Q. There is a lot of buzz lately about “shared value.” Can you describe what that is and how it fits into what you are doing with your work on Vested and Vested Outsourcing? 

Shared value principles establish economic value in a way that creates value for everyone. Unfortunately most businesses are pressured by short-term thinking. Think of a conventional buyer-supplier relationship. Buyers and suppliers play an unproductive game of cat and mouse as they negotiate to get the best deal for their companies. This is analogous to fighting over how to divide the pie. In the Vested framework shared value principles focus on creating–and then sharing–a bigger pie.   

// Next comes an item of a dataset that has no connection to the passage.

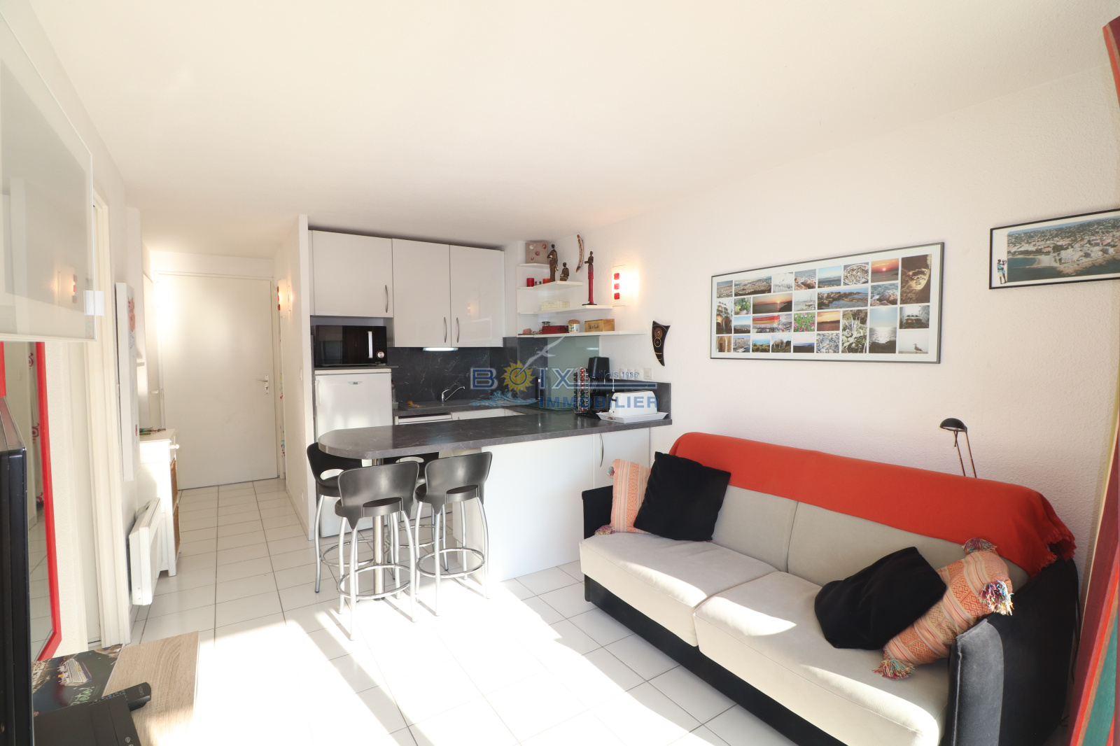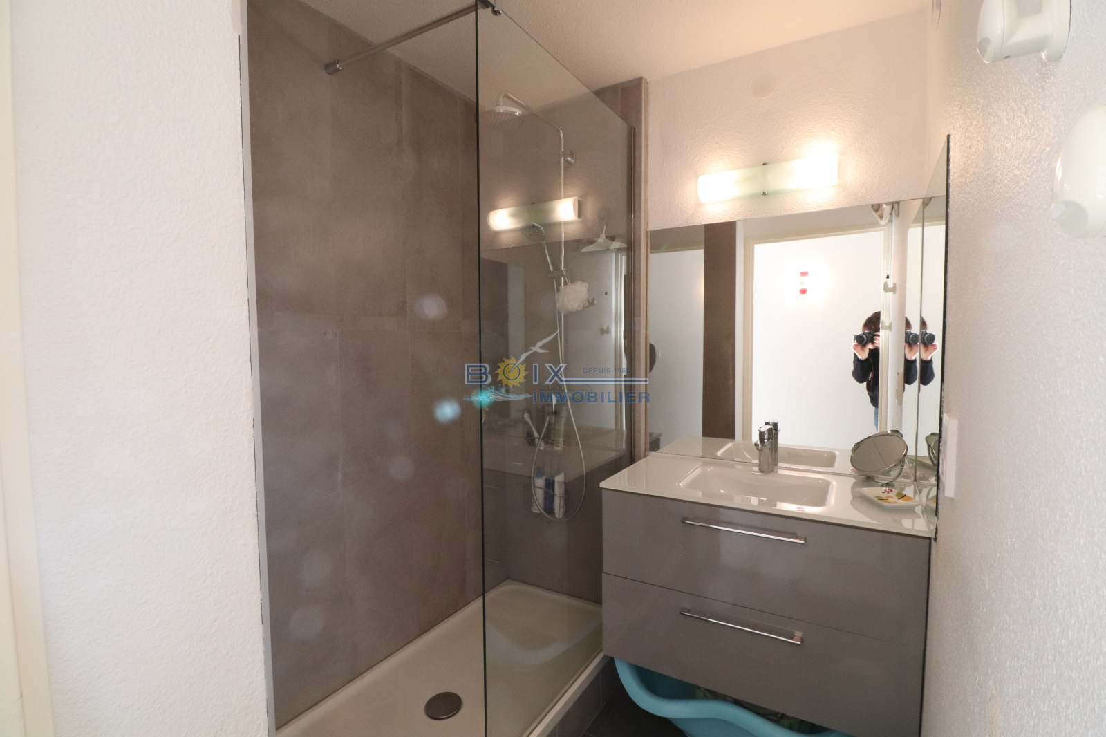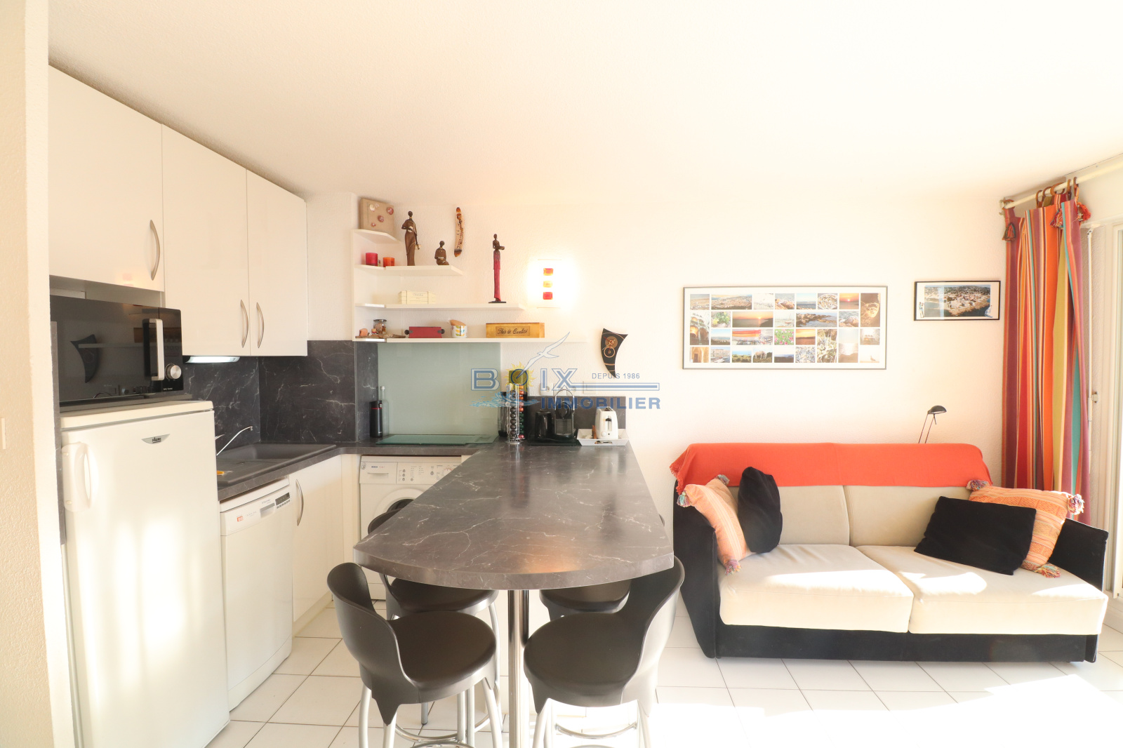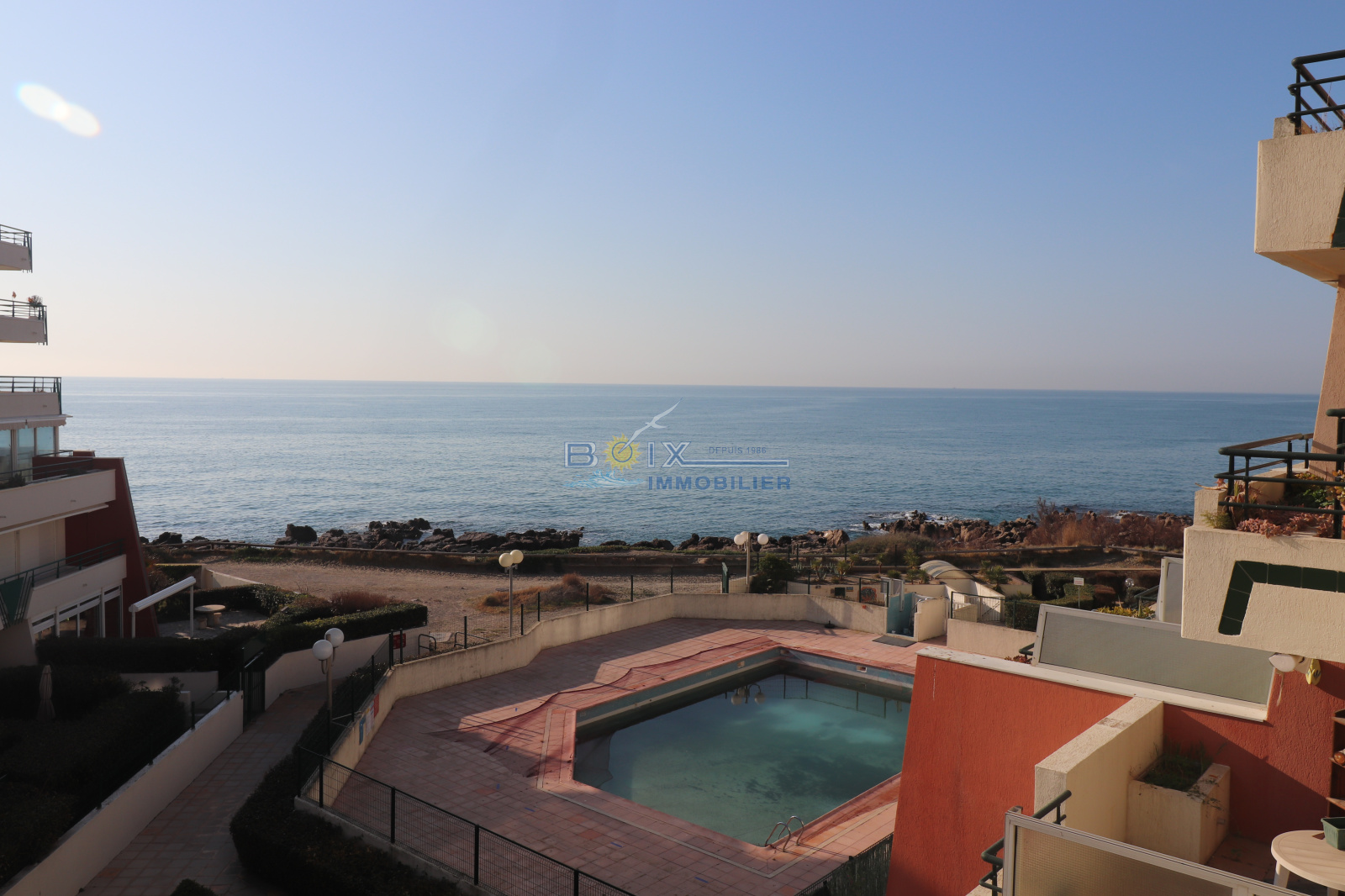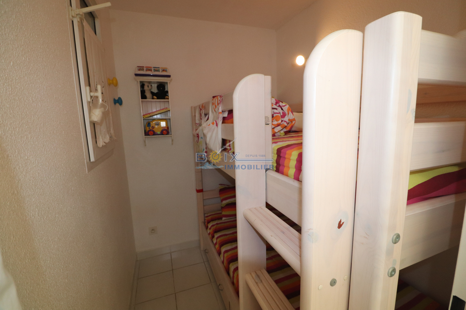 Vente appartement vue mer à la Corniche à Sète. Dans une résidence sécurisée près des plages et des commerces, 2 pièces cabine d'environ 31 m² plus loggia. Il se compose d'une entrée, d'un coin cabine avec fenêtre, accueillant deux lits superposés, d'une salle d'eau, d'un wc indépendant, d'une chambre avec placard et porte fenêtre donnant accès sur la loggia. Grande terrasse d'environ 14 m². Exposition sud-est, vous disposez d'une jolie vue sur la mer et la piscine. Vendu meublé et équipé, garage en option Réf : 1056va, renseignements et visites Gérard Boix, Boix Immobilier, infos@boix-immobilier.fr

The shared value concept is gaining traction, helped greatly by two influential Harvard Business School advocates, Michael Porter and Mark Kramer. Porter and Kramer profiled their “big idea” in Harvard Business Review Magazine. (Michael E. Porter and Mark R. Kramer, “The Big Idea: Creating Shared Value,” Harvard Business Review Magazine (January–February 2011). Available at: http://hbr.org/2011/01/the-big-idea-creating-shared-value/ar/1) The article states that shared value creation will drive the next wave of innovation and productivity growth in the global economy. Porter, by the way, is renowned for his Five Forces model of competitive advantage. 

Our research and fieldwork studying real-world success stories, featured in Vested: How P&G, McDonald’s and Microsoft are Redefining Winning in Business Relationships, shows that companies can indeed find that elusive “win-win” by creating agreements that are designed to create and share value.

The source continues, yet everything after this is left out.